All the other molecules are in the same orientation or rotated by 180 degrees and will therefore react in exactly the same way. With all molecules not being able to couple with the IR beam, the excitation isn’t seen when the polarizer is oriented in the orientation of the red arrow.
slide 317
Now we look at the most easily recognizable anisotropic physical phenomena of crystals: the morphology. We have already seen that crystals are usually facetted, which indicates strong anisotropy in behavior. Otherwise all crystals would have been spherical.
slide 318
We have already seen that crystal faces tend to line up with Miller planes. The Miller planes are therefore the most convenient way to refer to the plane’s orientations. When we look at this 2 dimensional cross section of a crystal we see 2 forms are present on the morphology indicated as (hkl) sub 1 and sub 2. (hkl) sub 1 has a multiplicity of 2, (hkl) sub 2 a multiplicity of 4. If we go back in time when the crystal was only a nucleus it would have been the little circle in the center of the crystal. Over time, the crystal faces grew with a relative rate that gave this crystal its close-to-hexagonal shape. Imagine what would have happened when (hkl)_1 would have had a much higher growth rate. That face would have appeared much smaller on the final morphology.
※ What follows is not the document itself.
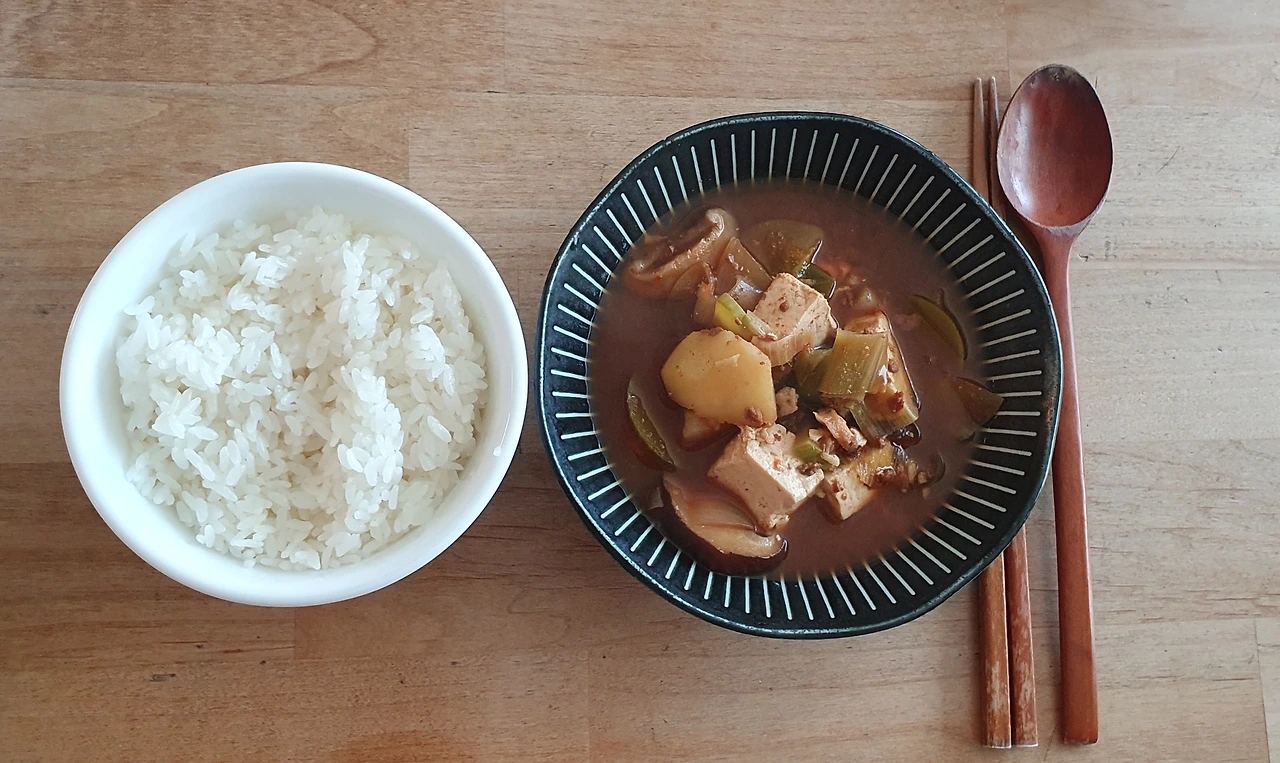 딸이 완성한 된장찌개를 흰쌀밥과 함께 한 입 먹었다.
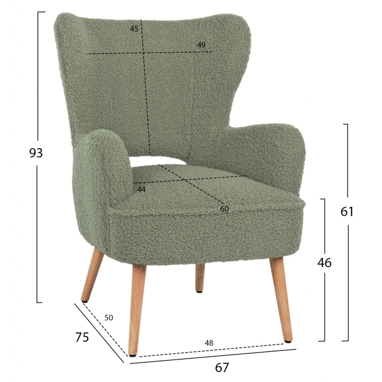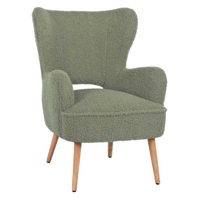 Η ψηλή πλάτη με το άνοιγμα χαμηλά πίσω, και η σχεδόν “bucket” σχεδίαση, προσδίδουν ιδιαίτερη ομορφιά στην πολυθρόνα σε συνδυασμό, φυσικά, με το υψηλής ποιότητας μπουκλέ ύφασμα.

If it had grown much slower that face would have appeared as much larger. It is the slowest growing faces on the morphology that survive in the process of growth. Look at (hkl)_3 for instance. It grew so fast that it is not truncating the crystal at all. Its direction therefore does not appear on the morphology.
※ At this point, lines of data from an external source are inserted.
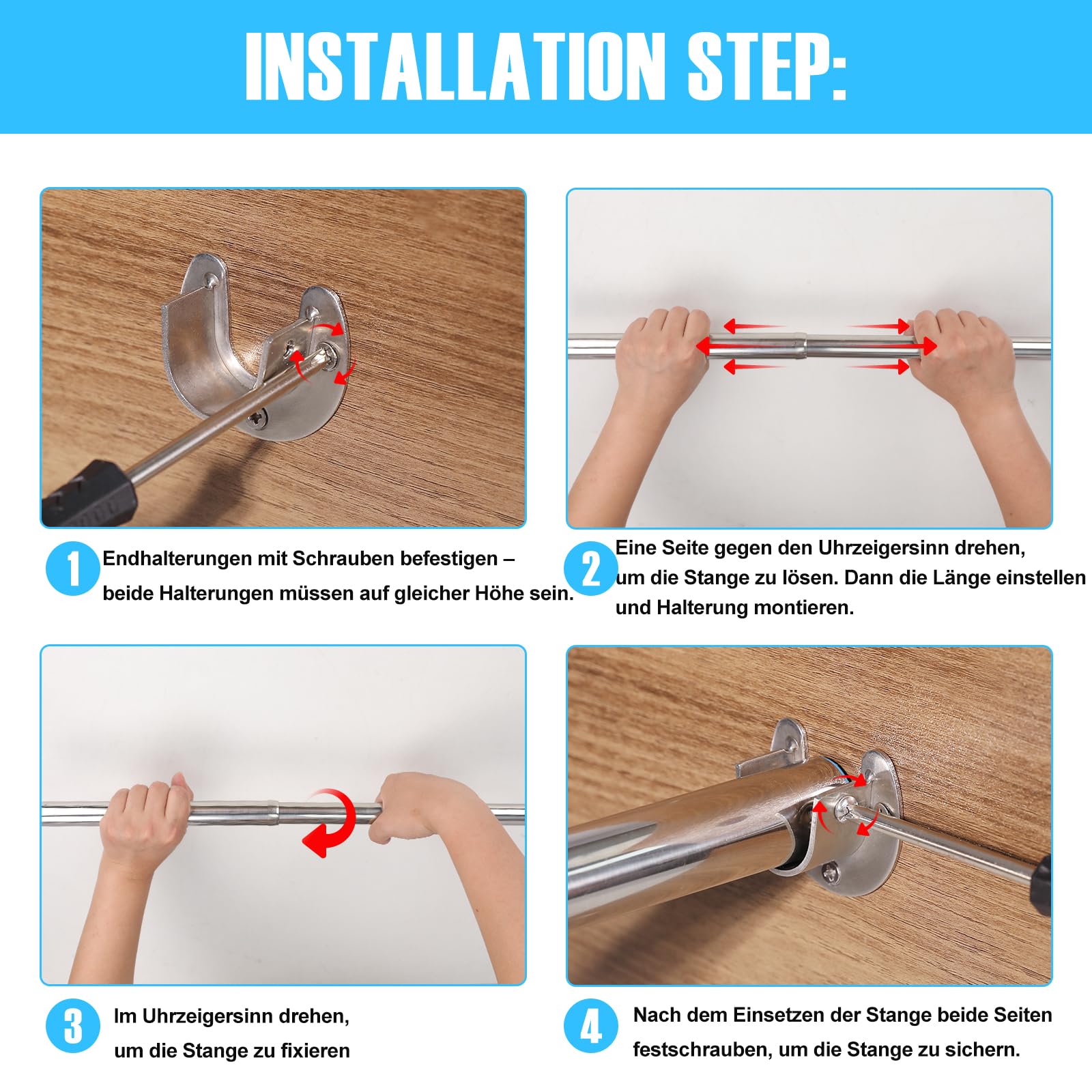 Schluss mit dem Chaos im Schrank! Diese praktische Kleiderstange von Wardlock ist total vielseitig einsetzbar. Aus hochwertigem Edelstahl gefertigt, ist sie rostbeständig und trägt selbst schwere Winterjacken ohne Probleme. Die teleskopierbare Funktion von 69 bis 120cm macht sie perfekt für fast jeden Schrank - einfach ausziehen, bis sie passt! Die U-förmigen Endhalterungen sorgen für maximalen Halt. Im Set enthalten: 1 ausziehbare Stange, 2 Edelstahl-Halterungen und 4 Montageschrauben. Super einfach zu installieren - keine komplizierte Montage nötig. Perfekt nicht nur für Kleiderschränke, sondern auch als Duschvorhangstange, Handtuchhalter im Bad oder sogar als Handlauf. Bring Ordnung in deinen Stauraum - deine Kleidung wird's dir danken!
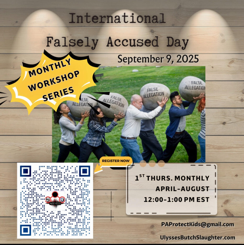 Stop False Allegations Against Men, Interference with Child Custody Coalition (IC3) & PA Protect Kids are inviting you to a powerful series of workshops held on the first Thursday of each month from 12:00 PM to 1:00 PM EST, May 1, 2025, through September 9, 2025, in honor of International Falsely Accused Day.
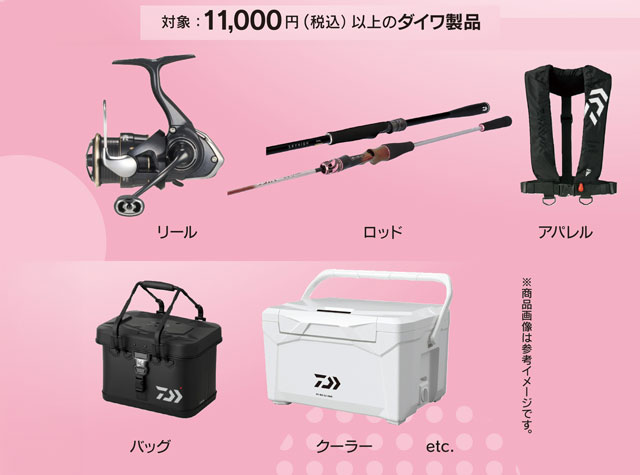 キャンペーン期間中、上州屋グループ各店にて単品11,000円(税込)以上のダイワ対象製品(リール、ロッド、アパレル、バッグ、クーラーetc.)をお買い上げの方に、抽選で5,500円(税込)分の「ダイワ製品限定商品券」をプレゼント
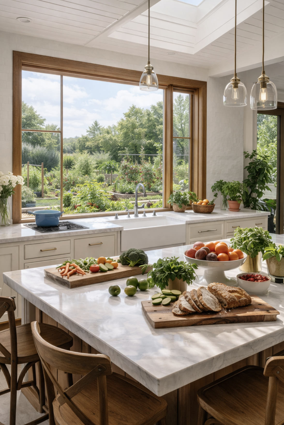 Create tangible connection between food preparation and natural processes. A window overlooking a vegetable garden makes the source of food visible. Seasonal fruit displays connect meals to natural growing cycles.
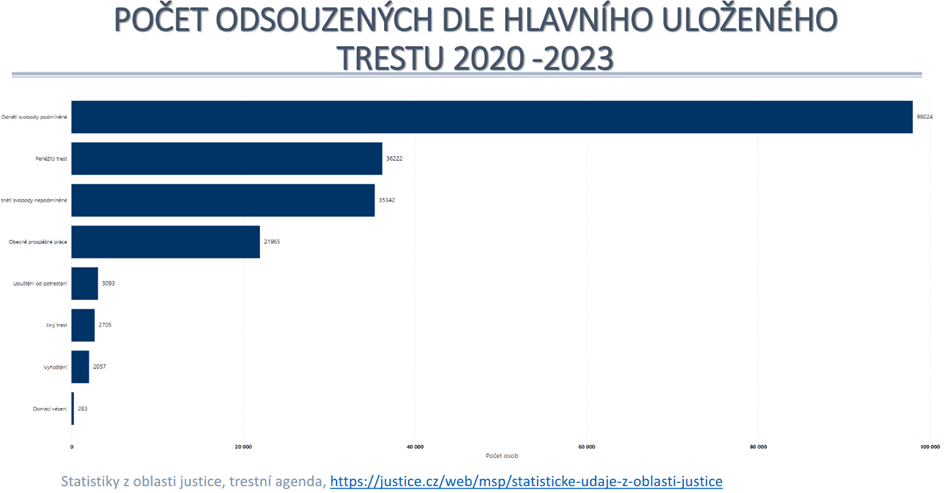 Protože nejvíc trestů, které ukládají české soudy, jsou tresty podmíněné, pak peněžité a vlastně výrazně nižší procento tvoří nepodmíněné tresty odnětí svobody, k nimž se postupně přibližuje trest obecně prospěšných prací. Samozřejmě trest vyhoštění je dneska z hlediska funkčnosti velmi omezen tím, že v rámci občanů Schengenu Evropské unie je možnost uložení takového trestu velmi omezená jenom na zvlášť závažnou trestnou činnost.

If you think about it, there is an infinite number of orientations that grow too fast to appear on the morphology.
It is of course tedious to refer to a crystal’s morphology by looking at the growth rates of all the faces. A much easier thing to do is to simply measure the thickness along the Miller planes of the faces, which is indicated by D(hkl). Notice that we are using a capital D so as not to confuse this with the interplanar distance d_hkl.
slide 319
Notice that the shape is independent of the absolute growth rates. Only the relative rates matter. In general therefore the longer crystals grow, the bigger they become, but the shape remains the same.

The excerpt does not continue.